Our results suggest that when Latinos know about RCTs, they are willing to participate. This is similar to the findings of Umatyan et al. (12)
giving credence to the importance of clinical trial awareness prior to participation. The null results for associations between demographic factors and intent to participate in trials may further indicate that media or other information campaigns may not have to be tailored to these characteristics. However, it is possible that we obtained null results because our population was fairly homogenous with respect to demographic characteristics; these competing hypotheses will be important to test in future research with more heterogeneous Latino sub-groups from broader settings.
Our findings do suggest, however, that psychosocial factors have the potential for use in interventions. For instance, those with high trust in health information had higher odds of knowing about and being willing to participate in clinical trials. The fact that our population was receiving care in safety net Latino-focused clinics with bilingual staff may have increased their trust of health information. (21), (24)
If this is confirmed in future research, messages about trials could be linked to trusted information sources like clinics and/or include content that enhance their credibility in the Latino population.(20)
Likewise, enhancing self-efficacy in obtaining trial information or tapping into perceived cancer risk could also be used to leverage interest in clinical trial participation. Other studies have shown that increased self-efficacy plays a role in a variety of behaviors (25), (26), (28)
There are some limitations that should be considered when evaluating our results, including the cross-sectional and quota design, external generalizability, and measurement issues. Due to the cross-sectional nature of this study, we can only estimate associations between variables of interest and clinical trial knowledge. Prospective studies will be important to determine directionality of the results we observed.
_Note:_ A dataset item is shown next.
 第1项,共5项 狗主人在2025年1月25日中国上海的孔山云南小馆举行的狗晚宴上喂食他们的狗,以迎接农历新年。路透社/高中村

We employed a quota sampling scheme so that we cannot calculate true clinic-wide prevalence rates. Our sample was a fairly homogenous immigrant, mono-lingual Latinos group from Central and South America who relied on safety net clinics for their care and as such, cannot be generalized to other Central and South American groups or other Latino populations. We used perceived risk measures and did not have data on actual cancer risk. Thus, the perceived risk measures require further investigation. Our measure of knowledge was based on only one question, although this question has been shown to relate to willingness to participate in trials in an earlier study in this same setting (30)
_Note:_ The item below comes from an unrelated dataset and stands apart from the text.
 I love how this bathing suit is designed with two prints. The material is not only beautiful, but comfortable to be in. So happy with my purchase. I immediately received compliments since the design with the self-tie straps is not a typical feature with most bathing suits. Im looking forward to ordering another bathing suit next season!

Finally, we do not know how intention to participate in a trial relates to actual behavior, since there were no trials available to offer this population at the time of the study. This will be a critical link to establish prior to developing and testing interventions to increase trial enrollment.
Overall, this study fills an important gap in our knowledge about clinical trial information needs and intentions in the growing Latino immigrant population. Since cancer is the second leading cause of death in this group, it is important that they are represented in clinical trials of cancer-related interventions to ensure generalizability of results and that this group benefits equitably from advances in cancer scientific knowledge and discovery.